:: Recorded information ::
# # # # # # #

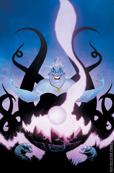 INTO THE BOTTOMLESS BLUE! Writer SHERRI L. SMITH and artist GABRIELE BAGNOLI take readers back beneath the waves for an all-new tale of tentacled treachery! Years before she would meet a young mermaid named Ariel, the formidable Ursula presided over a vast underwater kingdom as one of the Seven Sea Witches. Along with Capricia, Scylla, Charybdis, Melusine, Tiamat, and Vodyanoy, together the septet ruled the world’s oceans with impunity. So when one of Ursula’s royal sisters is suddenly found broken and stripped of all her powers, Ursula takes it as an attack upon their collective authority, and sets out to find and punish the culprit — knowing that, among all the denizens of the deep, only one would dare to challenge the Sea Witches’ reign! Featuring a shimmering school of covers by MIRKA ANDOLFO, JAE LEE & JUNE CHUNG, ROBERT QUINN, ELLERY, and SHATOKI SHIKI, Disney Villains: Ursula #1 plumbs the hidden depths of one of Disney’s most beloved baddies!
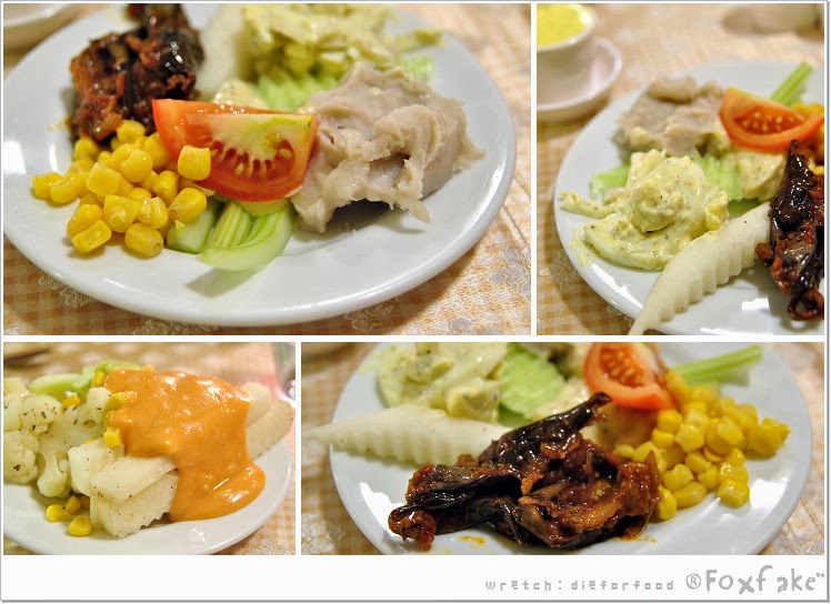 ‧沙拉吧其他食材如:玉米、蕃茄、芹菜棒、新鮮生菜、義式茄子、山藥棒,還有醃漬花椰菜。
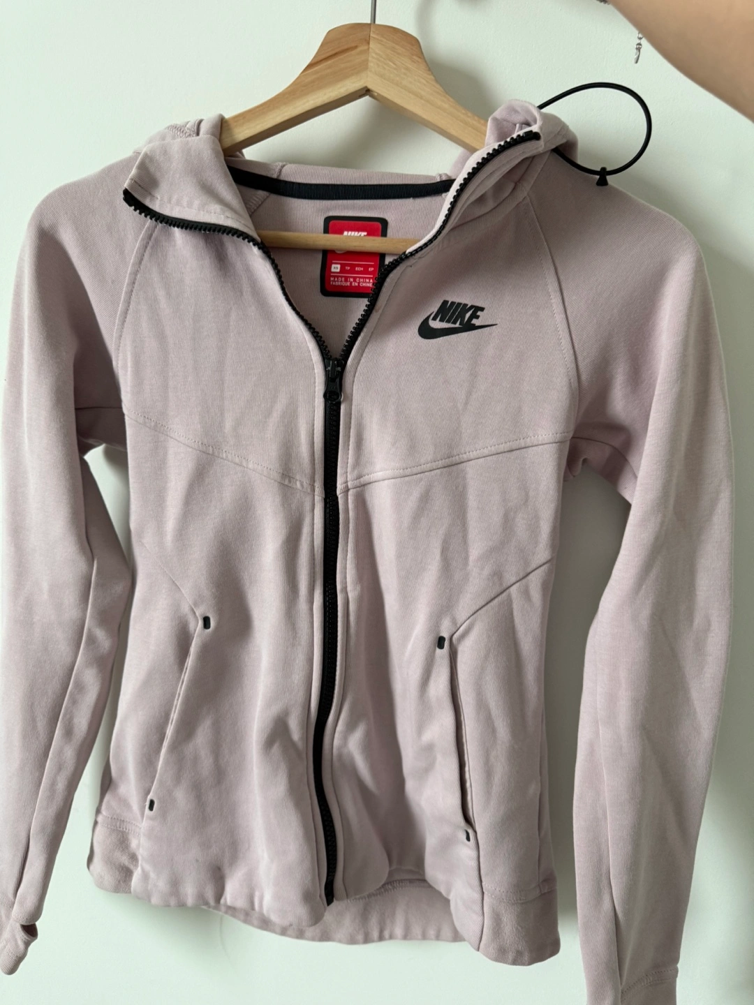 Pale pink Nike Tech Fleece zip-up hoodie. Features a full zip closure, a hood, and long sleeves. Good condition.

# # # # # # #

:: Brief ::
From the first line to the last, give the data again exactly, but without pictures.

:: Response for this exercise ::
 INTO THE BOTTOMLESS BLUE! Writer SHERRI L. SMITH and artist GABRIELE BAGNOLI take readers back beneath the waves for an all-new tale of tentacled treachery! Years before she would meet a young mermaid named Ariel, the formidable Ursula presided over a vast underwater kingdom as one of the Seven Sea Witches. Along with Capricia, Scylla, Charybdis, Melusine, Tiamat, and Vodyanoy, together the septet ruled the world’s oceans with impunity. So when one of Ursula’s royal sisters is suddenly found broken and stripped of all her powers, Ursula takes it as an attack upon their collective authority, and sets out to find and punish the culprit — knowing that, among all the denizens of the deep, only one would dare to challenge the Sea Witches’ reign! Featuring a shimmering school of covers by MIRKA ANDOLFO, JAE LEE & JUNE CHUNG, ROBERT QUINN, ELLERY, and SHATOKI SHIKI, Disney Villains: Ursula #1 plumbs the hidden depths of one of Disney’s most beloved baddies!
 ‧沙拉吧其他食材如:玉米、蕃茄、芹菜棒、新鮮生菜、義式茄子、山藥棒,還有醃漬花椰菜。
 Pale pink Nike Tech Fleece zip-up hoodie. Features a full zip closure, a hood, and long sleeves. Good condition.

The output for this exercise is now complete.